_SUPPLIED MATERIAL_:
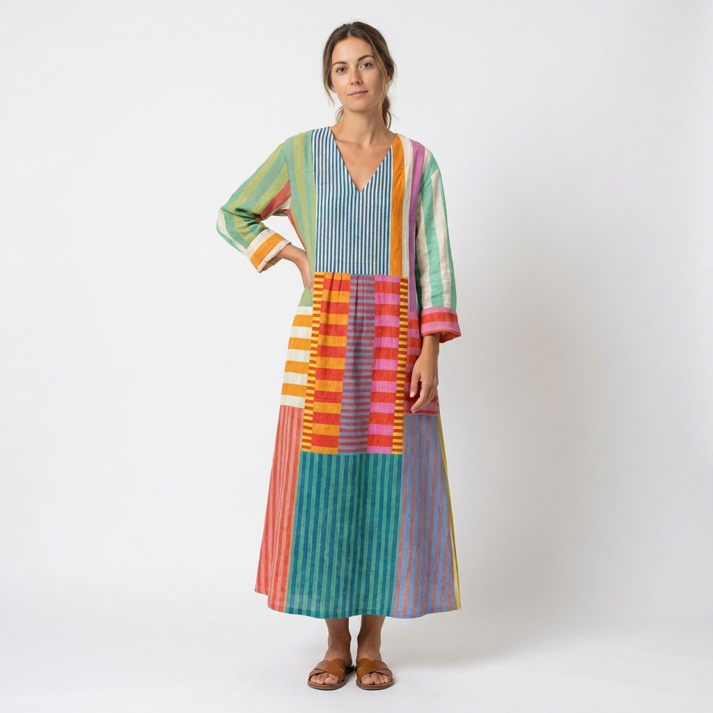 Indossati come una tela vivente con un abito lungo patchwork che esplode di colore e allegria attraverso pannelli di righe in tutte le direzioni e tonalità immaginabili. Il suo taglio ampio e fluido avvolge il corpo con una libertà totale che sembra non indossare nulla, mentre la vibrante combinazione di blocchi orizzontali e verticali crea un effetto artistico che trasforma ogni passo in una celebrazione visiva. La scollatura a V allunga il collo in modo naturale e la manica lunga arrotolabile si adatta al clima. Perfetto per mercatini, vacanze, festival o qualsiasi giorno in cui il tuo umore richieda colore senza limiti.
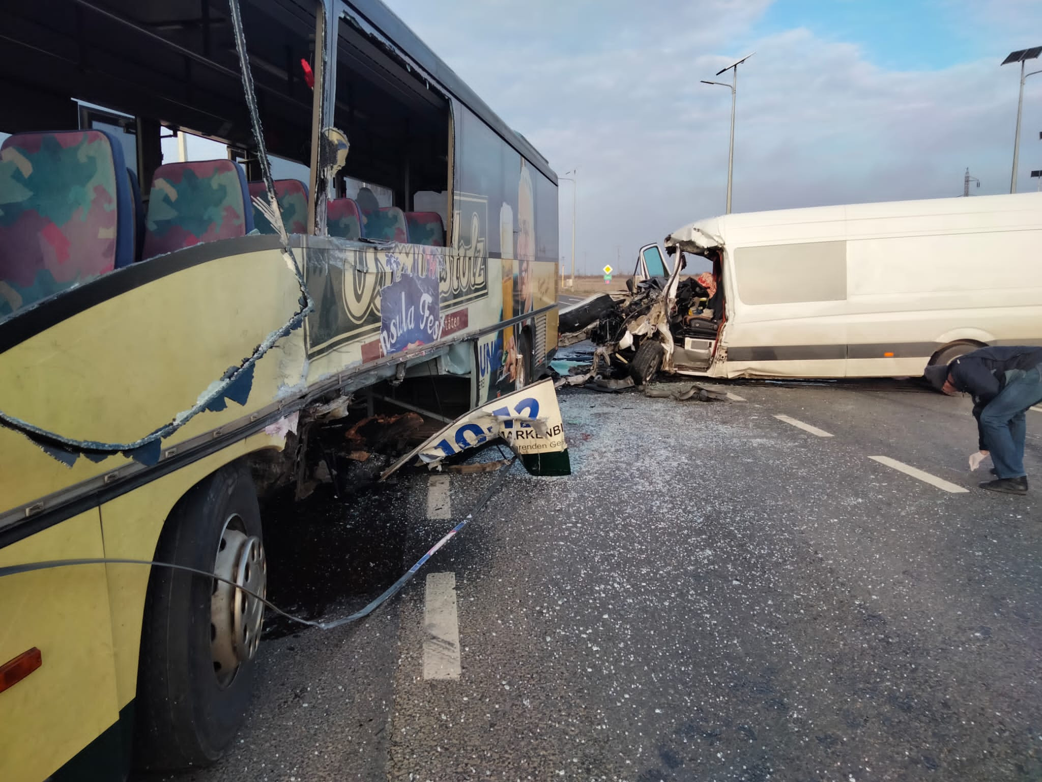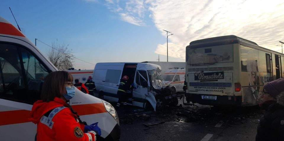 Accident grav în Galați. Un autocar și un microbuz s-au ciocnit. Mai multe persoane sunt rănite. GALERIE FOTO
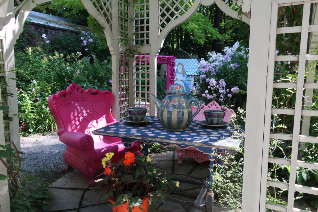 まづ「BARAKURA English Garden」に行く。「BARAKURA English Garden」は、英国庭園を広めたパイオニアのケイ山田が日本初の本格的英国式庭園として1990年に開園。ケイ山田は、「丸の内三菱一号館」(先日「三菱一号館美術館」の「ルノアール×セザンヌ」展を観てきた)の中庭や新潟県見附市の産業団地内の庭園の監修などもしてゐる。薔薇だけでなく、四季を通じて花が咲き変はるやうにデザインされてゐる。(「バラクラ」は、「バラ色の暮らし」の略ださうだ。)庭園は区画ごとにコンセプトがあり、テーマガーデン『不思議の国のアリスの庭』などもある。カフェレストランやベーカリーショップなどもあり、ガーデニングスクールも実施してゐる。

_WORK TO BE COMPLETED_:
When you retype the material above, keep every word exact and drop the images.

_RESULT FOR THIS TASK_:
 Indossati come una tela vivente con un abito lungo patchwork che esplode di colore e allegria attraverso pannelli di righe in tutte le direzioni e tonalità immaginabili. Il suo taglio ampio e fluido avvolge il corpo con una libertà totale che sembra non indossare nulla, mentre la vibrante combinazione di blocchi orizzontali e verticali crea un effetto artistico che trasforma ogni passo in una celebrazione visiva. La scollatura a V allunga il collo in modo naturale e la manica lunga arrotolabile si adatta al clima. Perfetto per mercatini, vacanze, festival o qualsiasi giorno in cui il tuo umore richieda colore senza limiti.
 Accident grav în Galați. Un autocar și un microbuz s-au ciocnit. Mai multe persoane sunt rănite. GALERIE FOTO
 まづ「BARAKURA English Garden」に行く。「BARAKURA English Garden」は、英国庭園を広めたパイオニアのケイ山田が日本初の本格的英国式庭園として1990年に開園。ケイ山田は、「丸の内三菱一号館」(先日「三菱一号館美術館」の「ルノアール×セザンヌ」展を観てきた)の中庭や新潟県見附市の産業団地内の庭園の監修などもしてゐる。薔薇だけでなく、四季を通じて花が咲き変はるやうにデザインされてゐる。(「バラクラ」は、「バラ色の暮らし」の略ださうだ。)庭園は区画ごとにコンセプトがあり、テーマガーデン『不思議の国のアリスの庭』などもある。カフェレストランやベーカリーショップなどもあり、ガーデニングスクールも実施してゐる。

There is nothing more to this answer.